Geht man davon aus, dass bei einer - insoweit - offenen Ausgangslage ergänzend eine Interessenabwägung geboten ist (in diesem Sinne etwa BVerwG, Beschl. v. 13.10.1994 - 7 VR 10/94 -, juris, Rn. 30; Dombert, a. a. O., Rn. 137, m. w. N.), so fällt diese zu Lasten des Antragstellers aus. Da der Führerschein als Nachweis für den Besitz einer Fahrerlaubnis dient, kann er auch übergangsweise nicht ausgehändigt werden, wenn unklar ist, ob der Betroffene, wie hier der Antragsteller, überhaupt im Besitz der umstrittenen Fahrerlaubnis ist. Hinzu tritt vorliegend, dass es sich um eine Fahrerlaubnis der Klasse D handelt, d. h. das Führen von Fahrzeugen mit einem nochmals erhöhten Gefahrenpotential in Rede steht, und Zweifel gerade an der erforderlichen Kraftfahreignung des Antragstellers bestehen.

bb) Schon wegen dieser, hier nach § 11 Abs. 3 Satz 1 Nr. 5 FeV durch eine erneute medizinisch-psychologische Untersuchung zu klärenden Zweifel an der Kraftfahreignung des Antragstellers kann auch seinem auf die Wiedererteilung der Fahrerlaubnis der Klasse D gerichteten Hilfsbegehren nicht entsprochen werden. Das Gutachten der E. -GmbH beruht aus den insoweit bereits vom Verwaltungsgericht zutreffend bezeichneten Gründen (S. 16 Abs. 1 des Beschlussabdrucks) nicht auf einer hinreichenden Tatsachengrundlage, wobei offenbleiben kann, ob der Antragsteller insoweit tatsächlich getäuscht hat. Bei der erneuten Überprüfung wird nicht nur zu klären sein, wie oft und bis wann genau der Antragsteller nach dem Mai 2022 ohne Fahrerlaubnis Kraftfahrzeuge geführt und wieso er dazu im vorherigen Gespräche jedenfalls keine klaren Angaben gemacht hat, sondern auch die Angaben des Antragstellers zu seinen persönlichen Verhältnissen werden kritisch zu hinterfragen sein; so ist nach den Angaben in dem späteren Strafurteil fraglich, ob er - wie im Rahmen der erfolgten Begutachtung zu Grunde gelegt worden ist - seine Tätigkeit als Busunternehmer tatsächlich bis auf Weiteres aufgegeben hat. Wie sich schon aus dem Wortlaut des § 3 Abs. 4 StVG ergibt, kommt schließlich den Ausführungen in dem Strafurteil zur Kraftfahreignung des Antragstellers keine Bindungswirkung für das Wiedererteilungsverfahren zu.

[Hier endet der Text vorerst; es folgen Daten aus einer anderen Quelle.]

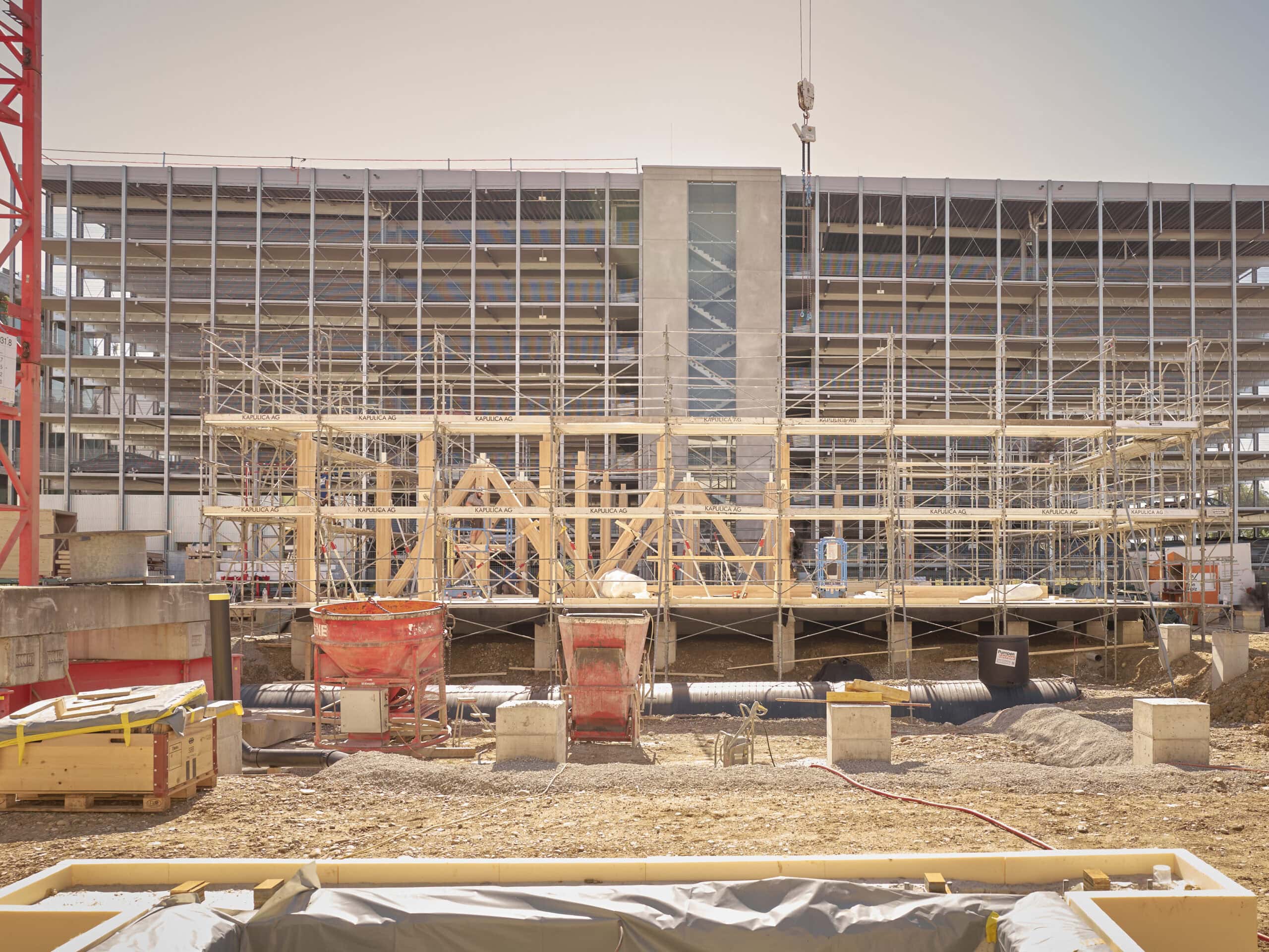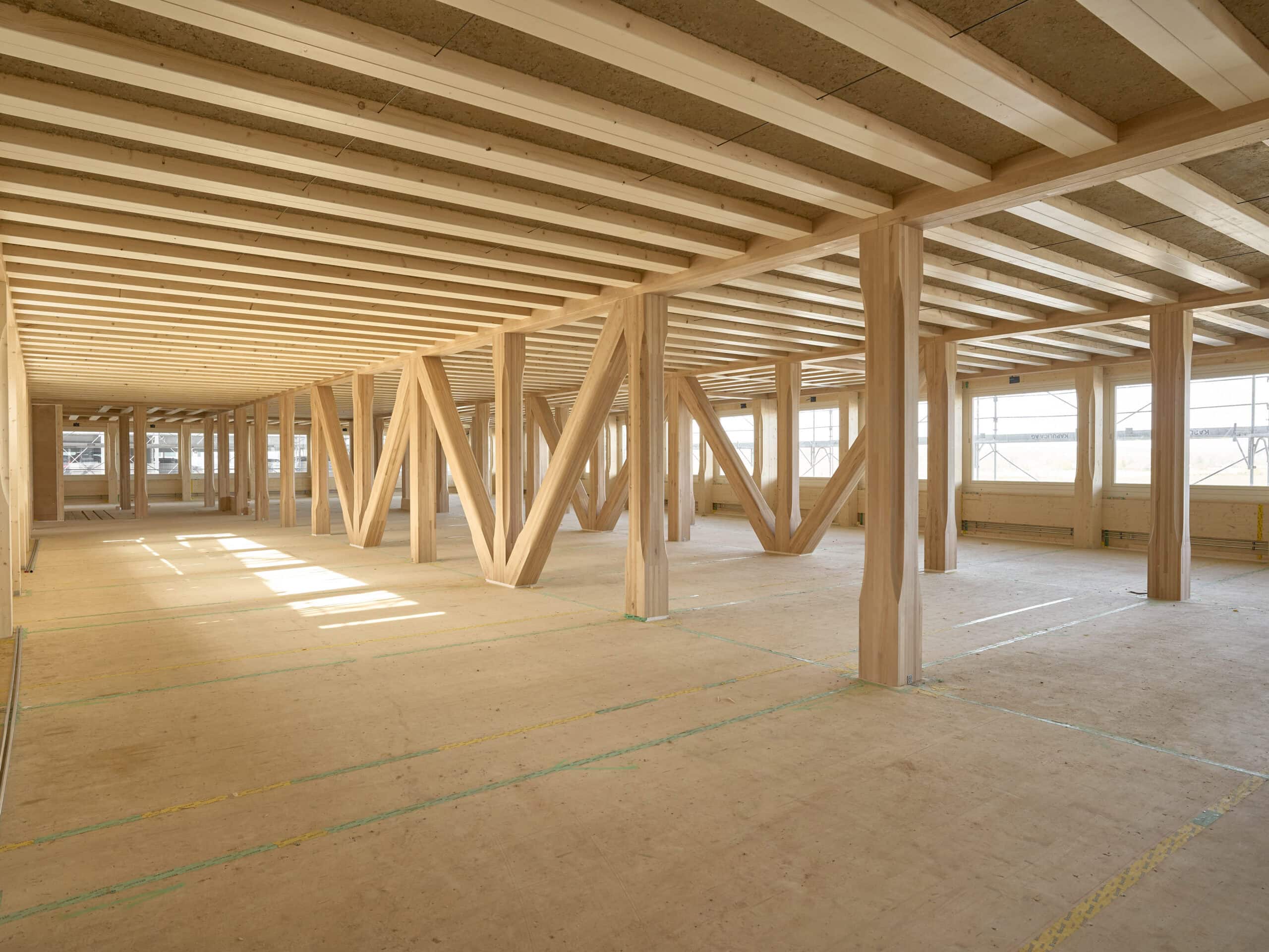 The vision was to create a building that would pay back its embodied non-renewable energy within a single generation and become energy-positive after 30 years. To achieve this radical sustainability goal and turn utopia into reality, interdisciplinary teams from SENN, Herzog & de Meuron, ZPF Ingenieure, Blumer Lehmann and the clay specialists at Lehm Ton Erde worked intensively together. Developing the innovative ceiling, made from timber and rammed earth, took around seven months before it met the ambitious requirements, including strict fire safety regulations.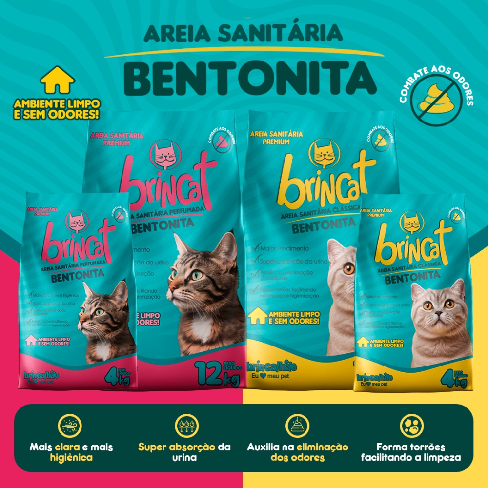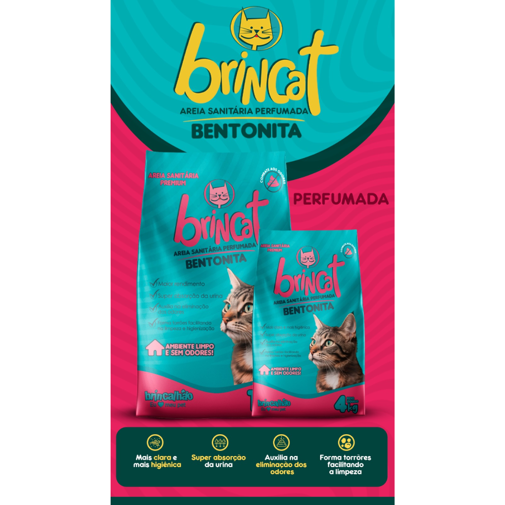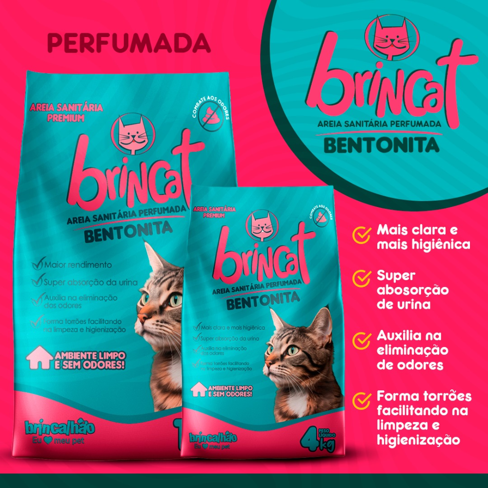 Prepare-se para transformar a rotina de higiene do seu gato em uma experiência perfumada e agradável com a Areia Higiênica Brincat Bentonita Perfumada da Brincalhão Pet!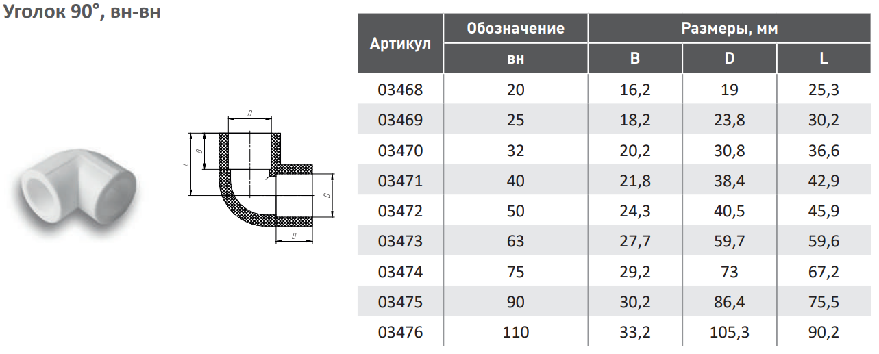 Угольник полипропиленовый 90гр. Aqualink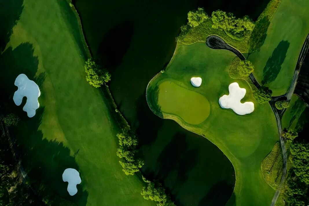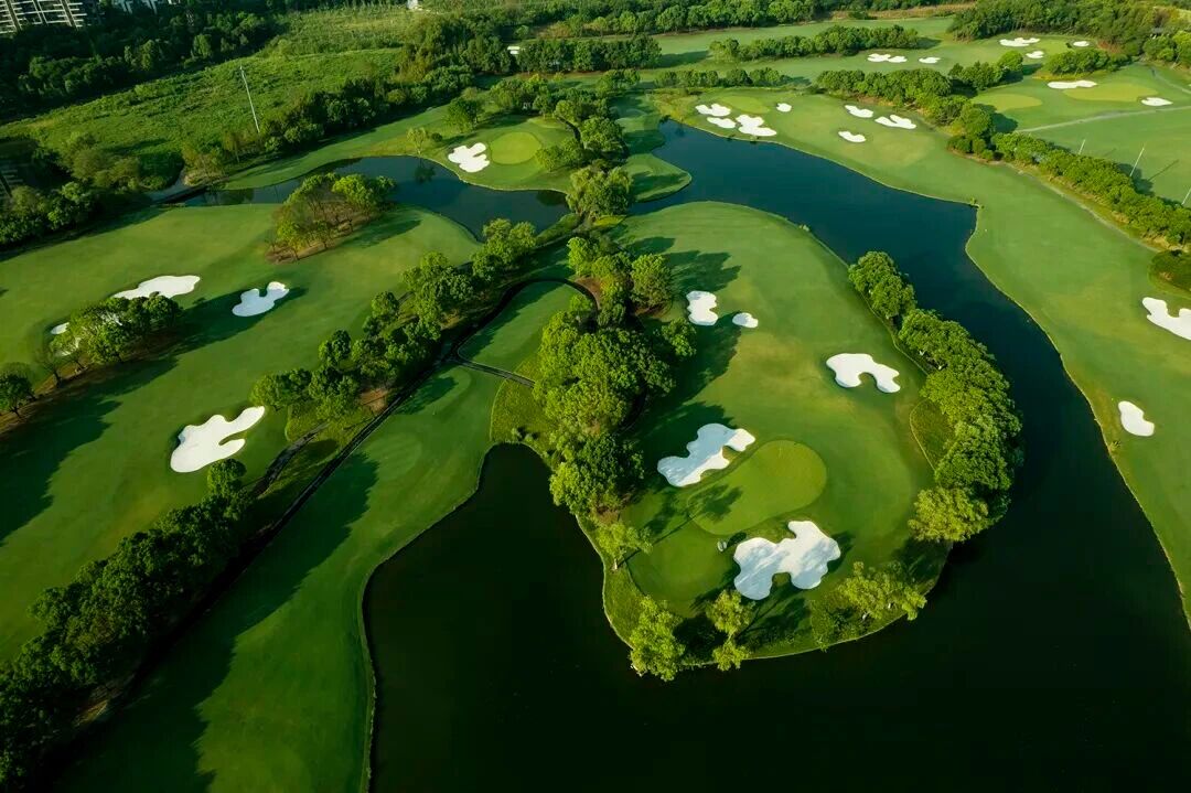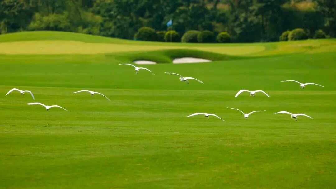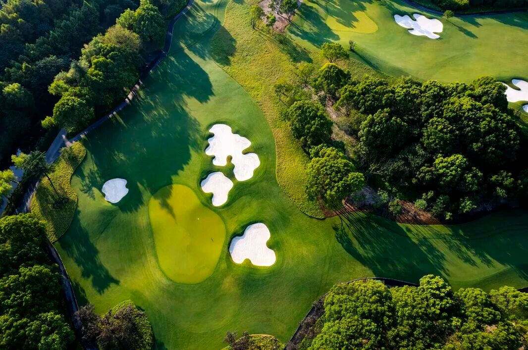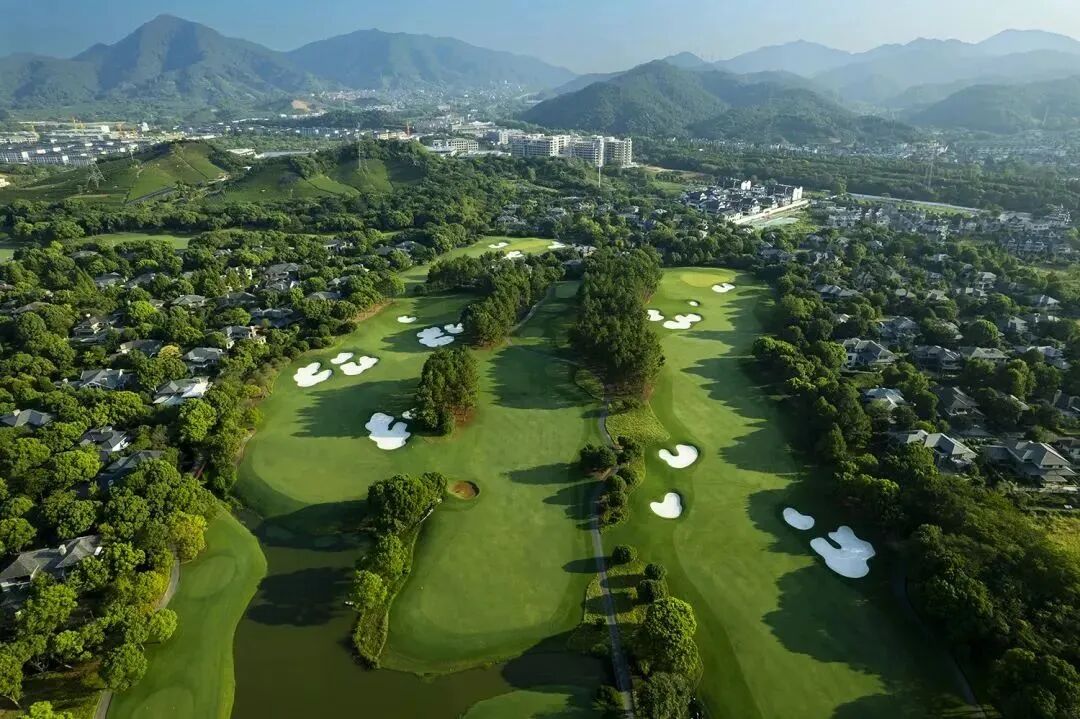 青山环抱中的球场,气势浩大地铺陈在湖泊、树林和小溪之间,随自然地势起伏柔美,使小桥流水的江南风情与尼克劳斯的球场设计水乳交融、尤如天成。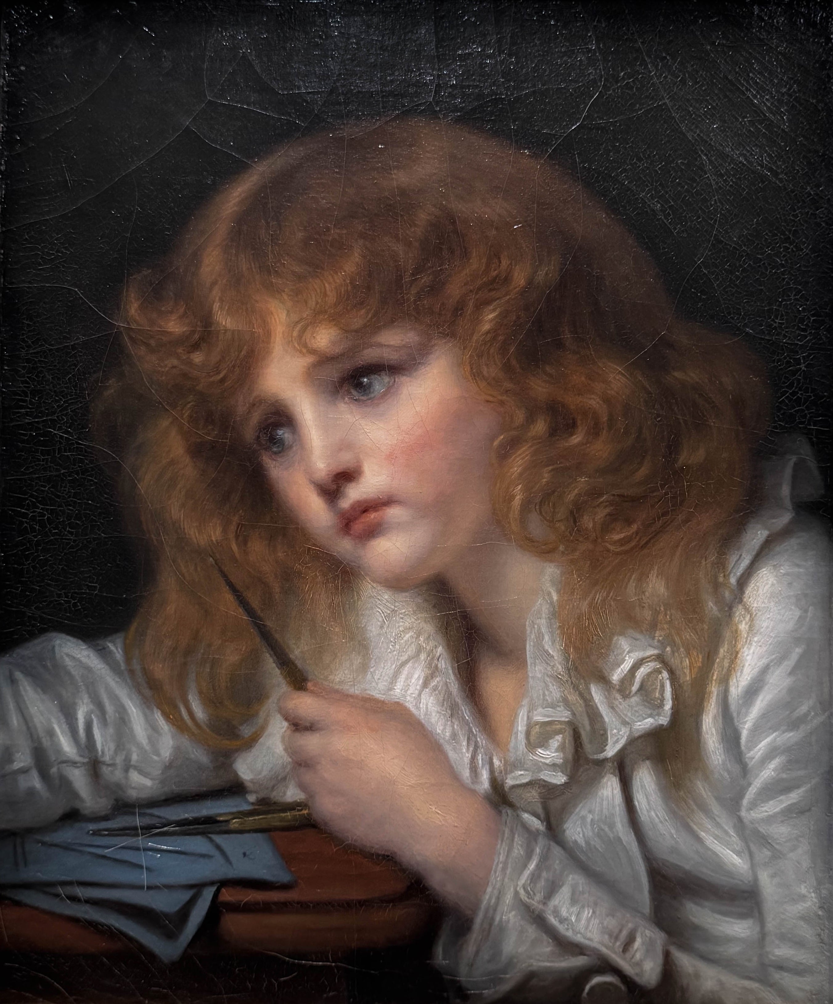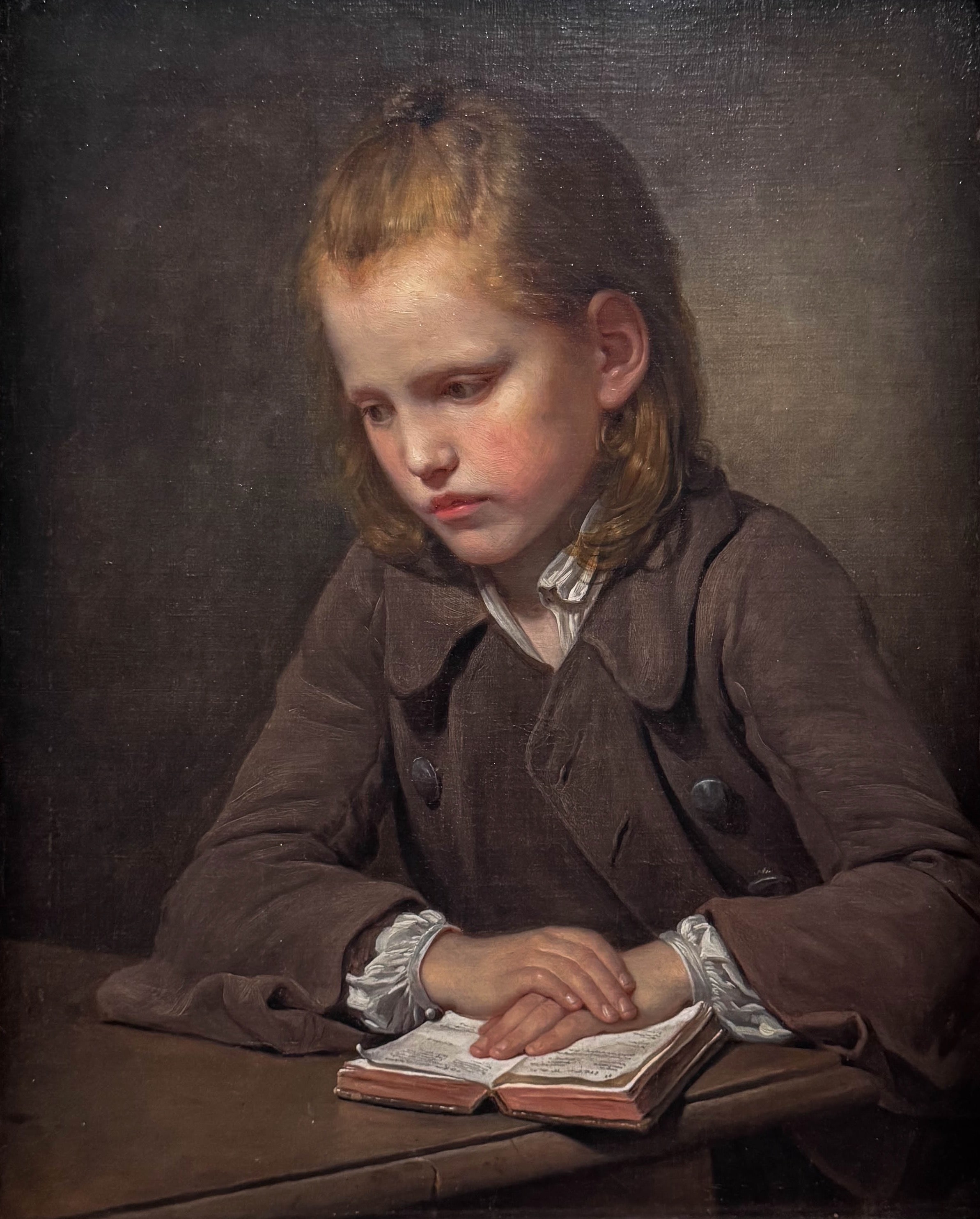 Évoquons également, une œuvre plus « ancienne », Le Petit Écolier (1755-1757). La palette chaude, la douceur du modèle rend l’idée d’une vérité émotionnelle, à l’inverse de la pose de l’œuvre précédente. L’écolier semble appliqué et calme reflétant l’idée des Lumières de la valeur morale primordiale du travail, et l’autonomie déjà existante d’un âge autrefois négligé. Inspirée du travail de Chardin, l’œuvre sera exposée au Salon de 1757.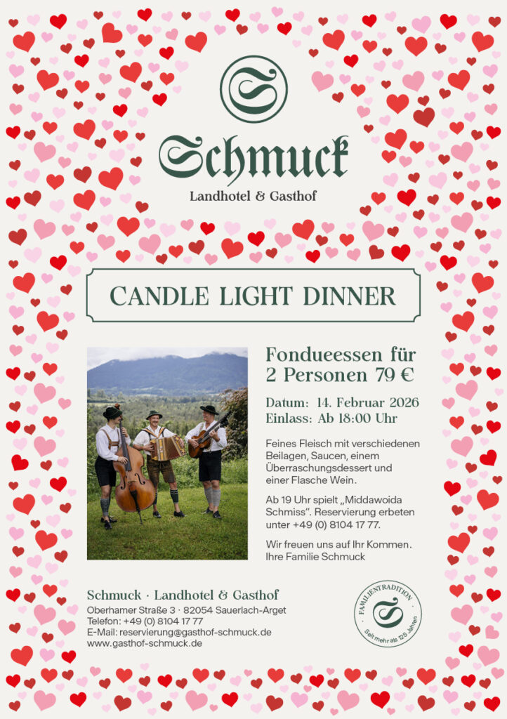 Ganz gleich, ob Sie uns eine E-Mail unter reservierung@gasthof-schmuck.de schreiben, uns unter +49 8104 17 77 anrufen oder über Instagram folgen – wir heißen Sie herzlich willkommen. Gerne stehen wir Ihnen für Fragen, Reservierungen oder persönliche Wünsche zur Verfügung und freuen uns, wenn wir Sie bald bei uns begrüßen dürfen.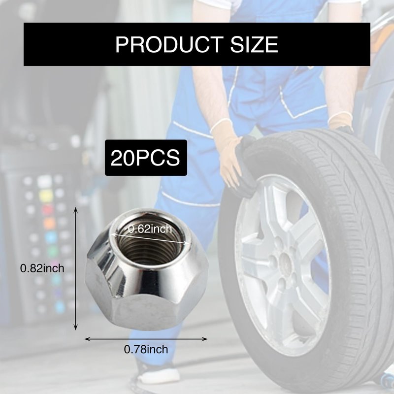 QODOLSI 1/2-20In Car Tire Nut Cap, Open Ended Lug Nuts, Anti-theft Tire Hole Screws, for Car, Truck, Trailer (20 PCS)
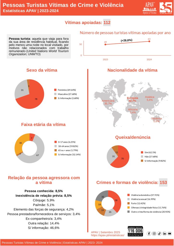 A Associação Portuguesa de Apoio à Vítima divulga as Estatísticas APAV | Pessoas Turistas Vítimas de Crime e Violência no período compreendido entre 2023 e 2024,revelando uma realidade que exige atenção às respostas de apoio especializado e prevenção junto de visitantes estrangeiros e nacionais.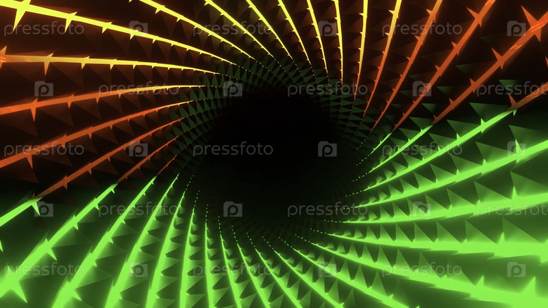 Зеленый фон.Дизайн.Яркий туннель в абстракции движется вперед по вращающимся кругам.Высокое качество 4k кадров

Die Kostenentscheidung beruht auf § 154 Abs. 2 VwGO. Die Streitwertfestsetzung folgt aus §§ 45 Abs. 1 Satz 2 und 3, 47 Abs. 1 Satz 1, 53 Abs. 2 Nr. 1, 52 Abs. 1 GKG und orientiert sich an den Vorschlägen unter Nrn. 1.5 Satz 2, 46.6 des Streitwertkatalogs für die Verwaltungsgerichtsbarkeit (NordÖR 2014, 11); jedenfalls mit seinem Hilfsantrag begehrt der Antragsteller eine Vorwegnahme der Hauptsache.

Dieser Beschluss ist unanfechtbar (§ 152 Abs. 1 VwGO, §§ 68 Abs. 1 Satz 5, 66 Abs. 3 Satz 3 GKG).